Supreme Court to Water Resource Managers: Just Say No to Filling Wetlands and Floodplains?

With last week’s 5-4 ruling in Koontz v. Saint John’s River Water Management District, the Supreme Court has made it harder for state and local water resource managers to protect the public’s interest in wetlands and floodplains.

st johns river
The beautiful, meandering St. Johns River (photo credit: flickr / B A Bowen Photography)

Our First Line of Defense in a Changing Climate

As the wetland scientists said in their brief, wetlands provide essential services and economic value to people, businesses, and communities. They improve water quality, provide flood control and coastal storm mitigation, support fish, shellfish, bird, and other wildlife populations, and sequester climate-harming carbon. The destruction and degradation of wetlands trigger a cumulative loss of wetland functions and services, harming people, communities, and wildlife.

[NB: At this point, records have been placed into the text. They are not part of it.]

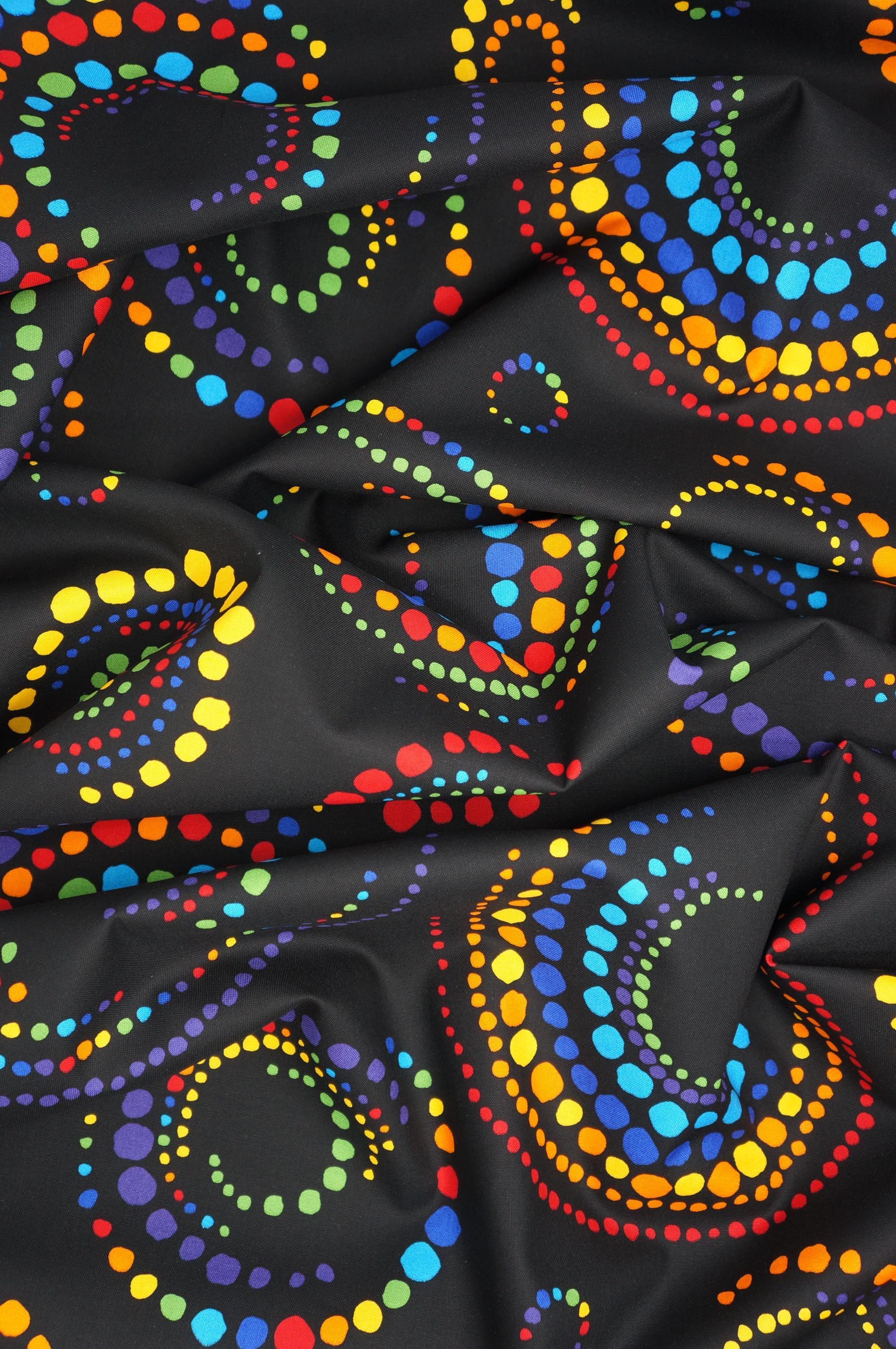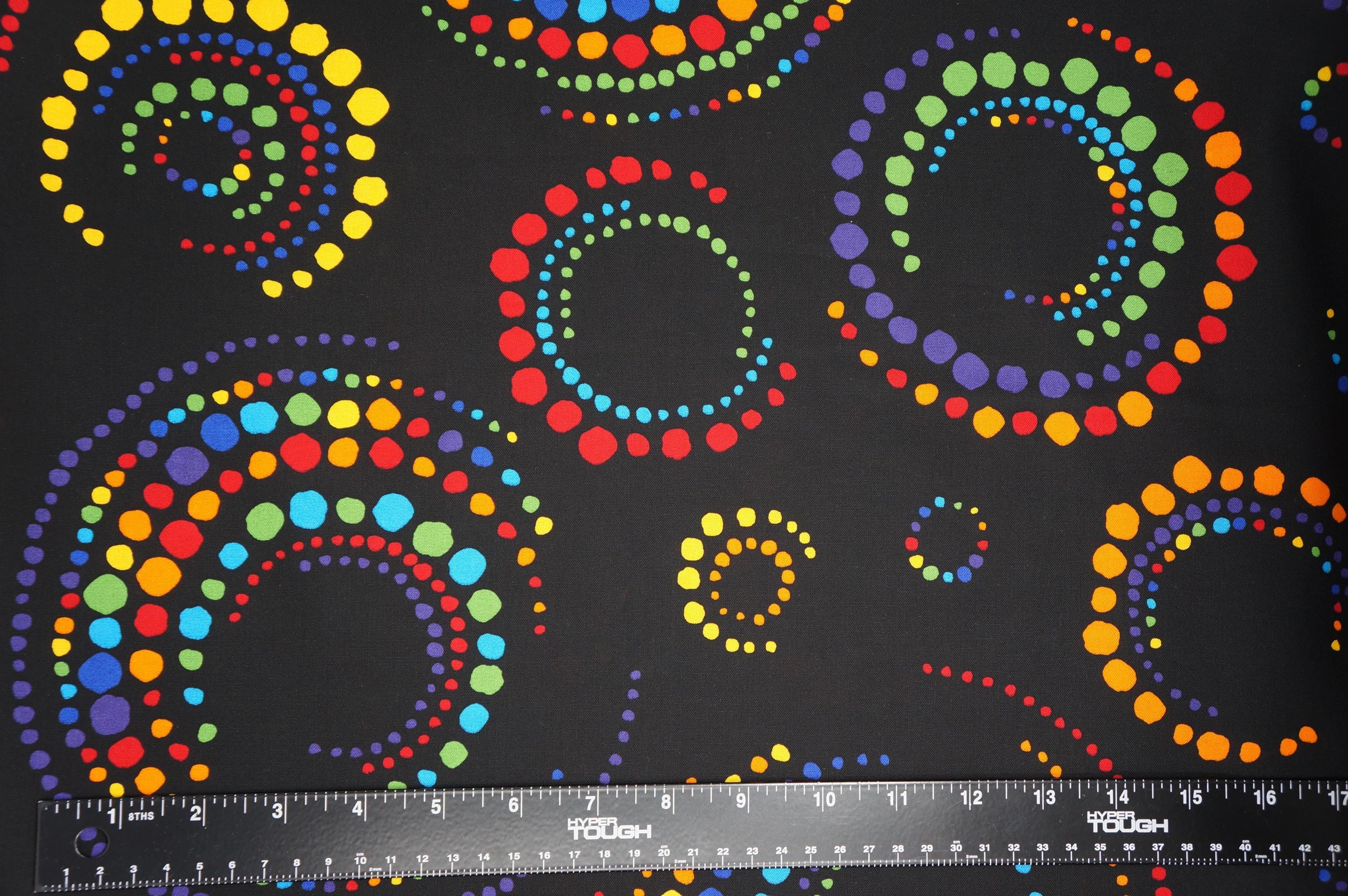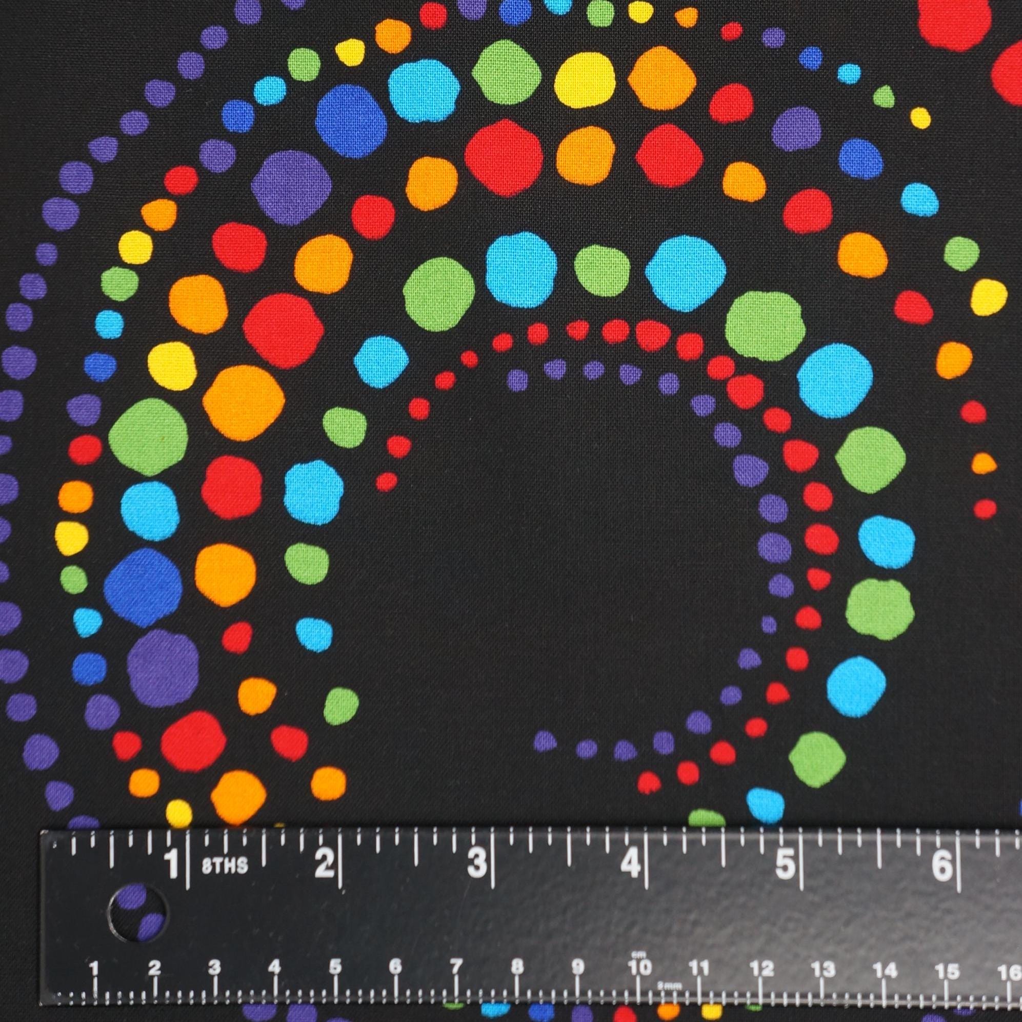 If you love simple but modern blender fabric, you will adore Multi Dots on Black quilting cotton fabric from the Dots and Stripes Delight Collection by RKF for Robert Kaufman Fabrics. This fabric features rainbow-colored dots in a circular pattern on a black background. This fabric is made of 100% high quality quilting cotton, durable and easy to sew. This mandala inspired fabric will make you smile and inspire you to create beautiful projects!
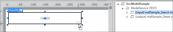 Model(mdlSample_Search)을 마우스로 드래그해서 View 컴포넌트 위로 이동하면 검은색으로 View 컴포넌트의 영역을 표시해줍니다.
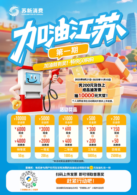 据了解,消费者在江苏境内加油满200元并开具个人发票,即可参与抽奖,最高可获1万元奖金,同时所有参与者均可在加油站点领取价值1000元的加油礼包。为扩大活动覆盖面,江苏银行不仅在省内各网点、近4000家合作加油站布设宣传物料,还借助节假日车展精准触达成品油消费人群,有效激发民众出行热情,让政策红利真正惠及终端消费者。
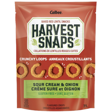 Red Lentils, Rice, Canola Oil, Sour Cream & Onion Seasoning (Salt, Whey, Tapioca Dextrose, Natural Flavour, Buttermilk Solids, Onion Powder, Sour Cream [Cream, Nonfat Milk, Cultures], Parsley, Yeast Extract, NonFat Dry Milk, Spice), Calcium Carbonate, Annatto Colour, Rosemary Extract (for freshness)
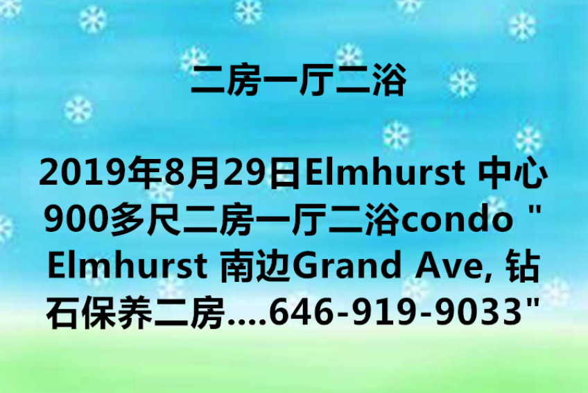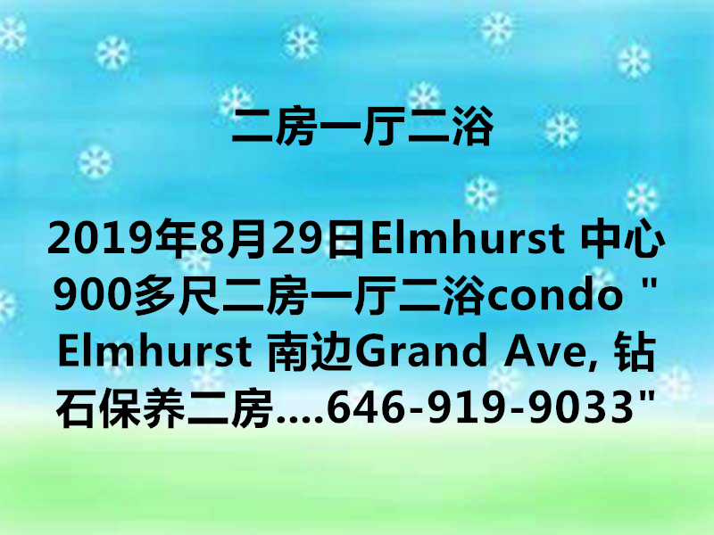 Elmhurst 中心900多尺二房一厅二浴condo “Elmhurst 南边Grand Ave, 钻石保养二房二浴900尺电梯Condo 加阳台售$65万7。容易改三卧还有客厅!室内洗衣机,烘干机。地稅$74/月,减税到2031年。 管理费$296/月。几分钟Grand Ave R, M地铁. 1分钟Q58, Q59公车。有去唐人街华人小巴。走路到皇后购物中心。周边餐馆超巿林立。9 分小学, 中学PS 102. call Cindy Chen 646-919-9033”
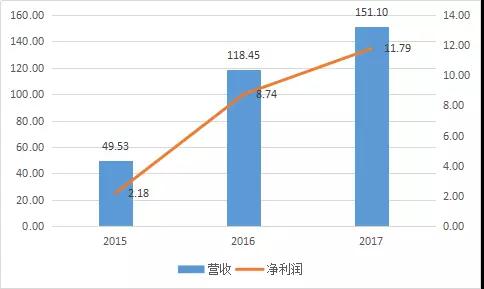從近三年?duì)I收情況來看,合力泰在2015年、2016年分別實(shí)現(xiàn)營(yíng)收49.53億元和118.45億元,歸屬于上市公司凈利潤(rùn)分別為2.18億元和8.74億元。由此可以看出,近年來,合力泰在業(yè)績(jī)方面的表現(xiàn)一年比一年亮眼,營(yíng)收與凈利潤(rùn)呈現(xiàn)“芝麻開花節(jié)節(jié)高”的增長(zhǎng)趨勢(shì)。
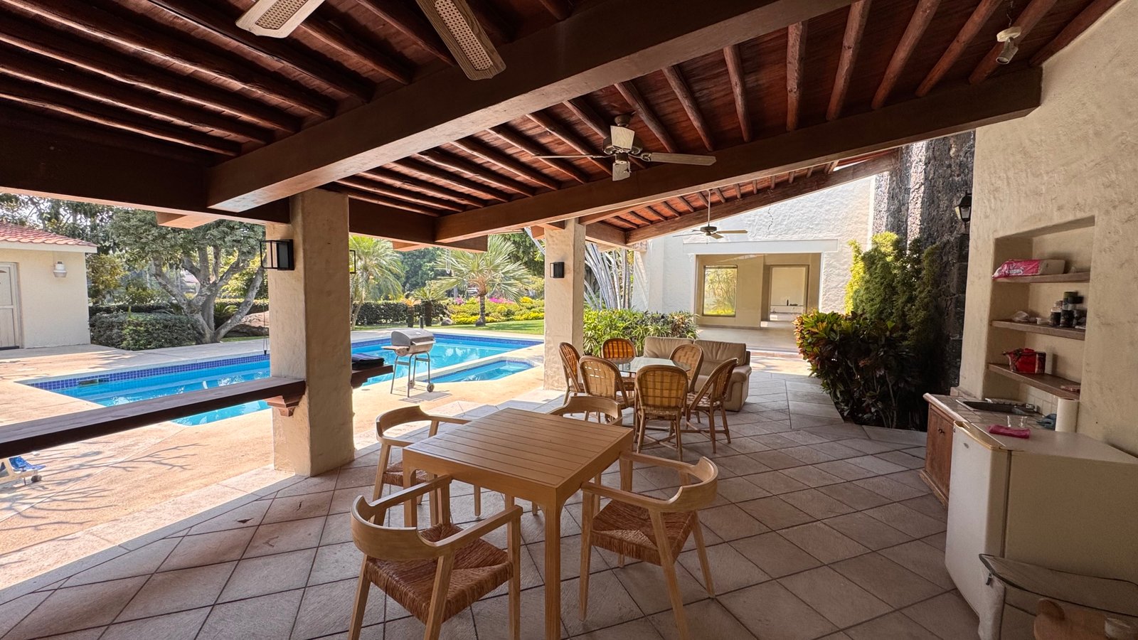 En el exterior destaca una espectacular alberca con asoleadero, rodeada de áreas verdes, terraza y espacio para asador, creando el ambiente perfecto para reuniones y descanso.

Hurricane Sandy, Hurricane Katrina, perennial flooding in the Mississippi River Basin – we are finally learning from the drumbeat of extreme weather events that our wetlands and floodplains are our first line of defense against damaging storms and rising tides.

Just this week, the President announced a comprehensive climate plan highlighting the importance of protecting and restoring our shorelines to protect communities from these hazards.

Federal, state and local water resource managers are just now beginning to incorporate these lessons into their civil works, watershed, and land use planning and decision-making – beginning to leverage these natural systems to protect communities.

Yet, despite the imperative to protect communities in the face of a changing climate, a five-justice majority of the Court has tied the hands of water resource managers, making it more difficult for them to work with landowners and developers to permit safe and environmentally sound developments while protecting and restoring wetlands and floodplains.

Five Key Takeaways From This Week’s Supreme Court Decision

  • Good news: The Court acknowledges the state’s interest in wetland and floodplain conservation and mitigation: “Insisting that landowners internalize the negative externalities of their conduct is a hallmark of responsible land-use policy, and we have long sustained such regulations against constitutional attack.”
    sand hill crane in st johns wetlands
    A sand hill crane in the wetlands of the St Johns River (photo credit: flickr / anoldent)
  • Bad news: The majority now puts the burden on state and local resource managers to prove the “essential nexus” and “rough proportionality” between the impacts of developing in these waters and the permit conditions required to mitigate those impacts.
  • After Koontz, water resource managers must be very careful what they ask for. It seems they must now prove this nexus and proportionality even – as in the Koontz case – for possible mitigation conditions they might discuss with developers in trying to negotiate an environmentally responsible development permit.
  • Wetland mitigation conditions should pass muster where they are clearly based on scientifically sound assessments of wetland functions lost and gained in a watershed context, and are otherwise consistent with the “no net loss” of wetlands policy, and the mitigation standards set forth in the National Research Council’s 2001 mitigation report and the 2008 Corps and EPA mitigation rule. However, meeting this burden of proof in each case is resource intensive and requires solid, watershed-specific science.
  • After Koontz, the prudent course of action for water resource managers may be to just say no. Proposing to permittees innovative and flexible mitigation conditions can be a trap, ensnaring state and local governments in costly and wasteful litigation. As Justice Kagan says in her dissent, “if every suggestion could become the subject of a lawsuit …the [District’s] lawyer can give but one recommendation: Deny the permits, without giving Koontz any advice – even if he asks for guidance.”

Water Resource Managers Must Protect the Public Interest

What mustn’t happen is for water resource agencies to simply approve development projects in wetlands and floodplains — abandoning their duty to protect the public interest and putting communities and wildlife in harm’s way. The Koontz decision makes their job harder, but conditions on the ground demand that water resource managers use available legal, science, planning, and fiscal tools to protect the public’s interest in wetlands and floodplains.